Using data science with A/B tests: chi-squared testing

In my previous posts about A/B testing, I made the case that you need to consider the math behind A/B testing, or risk having invalid, or even wrong, results.

My first suggestion is to use sample sizing, but that requires a lot of tests.

Here’s how to do something similar without nearly as many.

By Jeff Rajeck November 5th 2014 05:45

With just a little bit of analysis you can check the validity of your A/B test before you even conduct it. One way you can achieve this is by sizing the test beforehand.

You tell an online tool your typical conversion percentage and what minimum detectable effect you’re looking for – and the tool tells you how many tests you need to conduct.

But what if the number of tests is just far too many for you? How else can you validate your A/B test statistically?

In order to answer that question, it’s necessary to have a quick look at the theory behind A/B testing – with some examples to make things clear. And, again, we’re going to use the data science model of using statistics, domain knowledge, and hacking to arrive at our answer.

First, the stats

So when you do anything repeatedly you will get different results, of course. But these ‘different’ results will typically follow a pattern.

One set of results will happen a lot more frequently than the others. And if you graph how often particular results occur, you will end up with a ‘distribution’ of results.

To make this point clearer check out the graph below. It shows the ‘distribution’ of flipping a coin 10 times. Usually it’s heads five times, but sometimes you get extreme values – one or even 10. The distribution is like a hill with its peak in the middle.

Now say instead of flipping a coin you flipped a pan with a cast-iron bottom. It could come up face-down, but it would be far more likely to land with the heavy part on the ground.

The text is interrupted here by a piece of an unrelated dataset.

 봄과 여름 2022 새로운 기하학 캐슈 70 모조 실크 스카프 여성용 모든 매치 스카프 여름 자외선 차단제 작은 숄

And maybe the distribution for flipping it 10 times would look like this:

And if we compared the two on the same graph, it would be obvious that we were flipping two very different things – even though they overlapped a few times.

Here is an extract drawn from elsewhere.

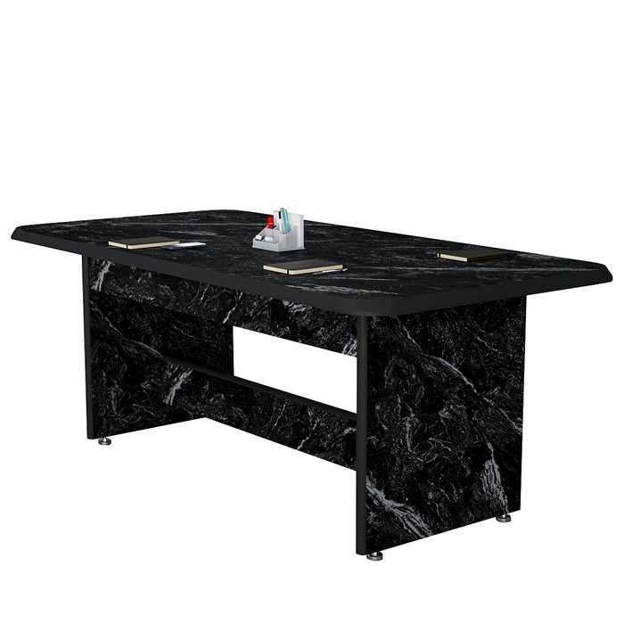 Seu design contemporâneo com acabamento marmorizado confere requinte ao espaço, enquanto a base reta oferece firmeza e estabilidade durante o uso. O tampo amplo permite acomodar notebooks, documentos e materiais de trabalho com conforto, favorecendo a produtividade e o trabalho em equipe.

And this is what we want to know about our A/B tests – was one significantly different that the other? Or were they so similar that the difference we observe could just be random.

This is what chi-squared testing tells you. It can tell you whether B was statistically different than A – or whether it’s too close to call. And it can do this with a remarkably few examples.

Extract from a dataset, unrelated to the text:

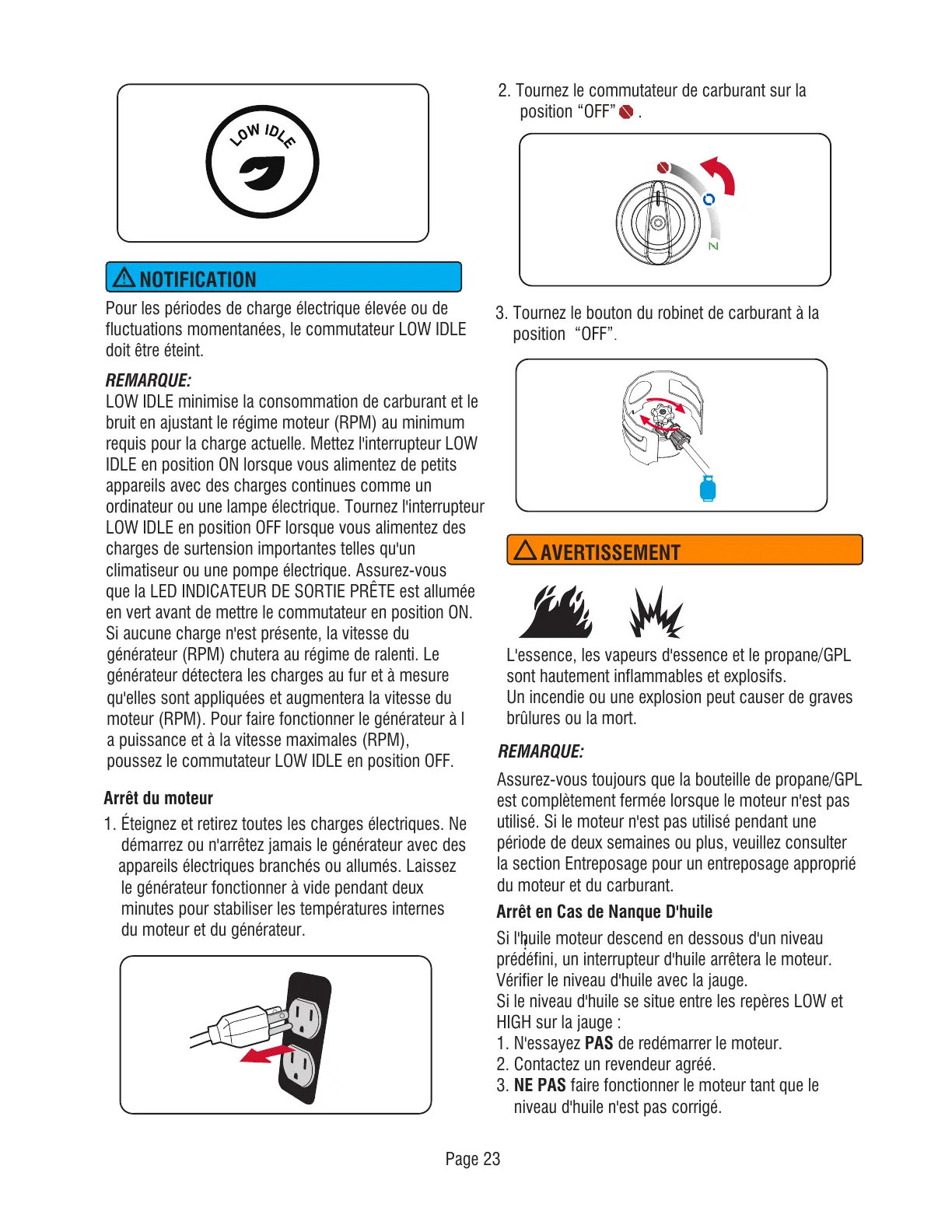 moteur (RPM). Pour faire fonctionner le générateur à l

Let’s have a look at a real example.

Chi-squared testing

So we’re going to do exactly the same thing we did above – except with conversions instead of coins and frying pans.

Think of the ‘A’ test as the coins, and the ‘B’ test as the frying pans. In the flipping tests above, there was a clear difference between the two. Now we want to know whether it is the same for your conversions.

Running the test

Though the math behind chi-squared testing is quite complicated, there is no need to worry about the details as all of the calculations are handled in the tool.

And there’s nothing to interpret, either. The test examines your results and tells you immediately whether the results are different. That is, whether they have a significantly different ‘distribution’ – just like the coins and the frying pans.

Now, it won’t tell you the magnitude of the difference – just whether the difference is significant. But the trade-off is that you don’t need nearly as many samples as you did with the test sample sizer.

So how to use it

Here’s where your domain knowledge comes in useful – you need to run the tests and input in the results.

First go to Evan Miller’s A/B testing tools, but select the Chi-Squared Test.
Then input your data – what are the two results you would like to compare?
And – boom – you get your results immediately.

The hacking

If you see that there is no significant difference, then your ‘B’ results are not significantly different from your ‘A’. It doesn’t mean that they aren’t different – they almost certainly are – but the differences you see could have happened randomly.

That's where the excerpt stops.